:: Prompt ::
Your reply must contain exactly the lines running from the one with "Impressões Brasileiras se" to the last line of the entries below, both included, and no other lines.

╭─ Data shown

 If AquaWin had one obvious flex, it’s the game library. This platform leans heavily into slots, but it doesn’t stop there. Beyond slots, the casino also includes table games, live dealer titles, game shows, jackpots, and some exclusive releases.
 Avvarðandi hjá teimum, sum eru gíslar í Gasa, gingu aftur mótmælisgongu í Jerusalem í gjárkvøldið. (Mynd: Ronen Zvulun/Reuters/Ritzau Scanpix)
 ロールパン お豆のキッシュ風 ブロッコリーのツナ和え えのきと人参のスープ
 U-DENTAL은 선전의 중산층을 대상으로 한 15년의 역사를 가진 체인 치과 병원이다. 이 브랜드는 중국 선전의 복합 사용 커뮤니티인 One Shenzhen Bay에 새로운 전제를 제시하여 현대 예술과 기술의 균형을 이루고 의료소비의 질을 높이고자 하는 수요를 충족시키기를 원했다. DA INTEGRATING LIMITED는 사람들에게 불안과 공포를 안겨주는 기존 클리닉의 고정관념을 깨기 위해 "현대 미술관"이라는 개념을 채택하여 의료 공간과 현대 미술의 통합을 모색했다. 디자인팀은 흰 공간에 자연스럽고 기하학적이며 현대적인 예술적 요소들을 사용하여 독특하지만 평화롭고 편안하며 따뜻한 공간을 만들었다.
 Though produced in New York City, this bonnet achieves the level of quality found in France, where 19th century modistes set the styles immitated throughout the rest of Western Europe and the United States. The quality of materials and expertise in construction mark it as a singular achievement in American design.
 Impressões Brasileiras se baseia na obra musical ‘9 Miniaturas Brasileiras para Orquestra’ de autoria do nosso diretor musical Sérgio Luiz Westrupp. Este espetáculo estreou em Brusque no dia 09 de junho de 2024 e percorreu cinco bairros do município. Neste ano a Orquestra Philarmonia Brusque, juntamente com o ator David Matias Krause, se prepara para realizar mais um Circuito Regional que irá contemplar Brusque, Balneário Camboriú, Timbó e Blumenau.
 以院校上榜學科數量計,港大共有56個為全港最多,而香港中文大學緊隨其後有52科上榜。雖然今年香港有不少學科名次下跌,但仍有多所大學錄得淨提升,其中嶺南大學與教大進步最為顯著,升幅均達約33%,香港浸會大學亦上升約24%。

╰─

:: Response for this exercise ::
 Impressões Brasileiras se baseia na obra musical ‘9 Miniaturas Brasileiras para Orquestra’ de autoria do nosso diretor musical Sérgio Luiz Westrupp. Este espetáculo estreou em Brusque no dia 09 de junho de 2024 e percorreu cinco bairros do município. Neste ano a Orquestra Philarmonia Brusque, juntamente com o ator David Matias Krause, se prepara para realizar mais um Circuito Regional que irá contemplar Brusque, Balneário Camboriú, Timbó e Blumenau.
 以院校上榜學科數量計,港大共有56個為全港最多,而香港中文大學緊隨其後有52科上榜。雖然今年香港有不少學科名次下跌,但仍有多所大學錄得淨提升,其中嶺南大學與教大進步最為顯著,升幅均達約33%,香港浸會大學亦上升約24%。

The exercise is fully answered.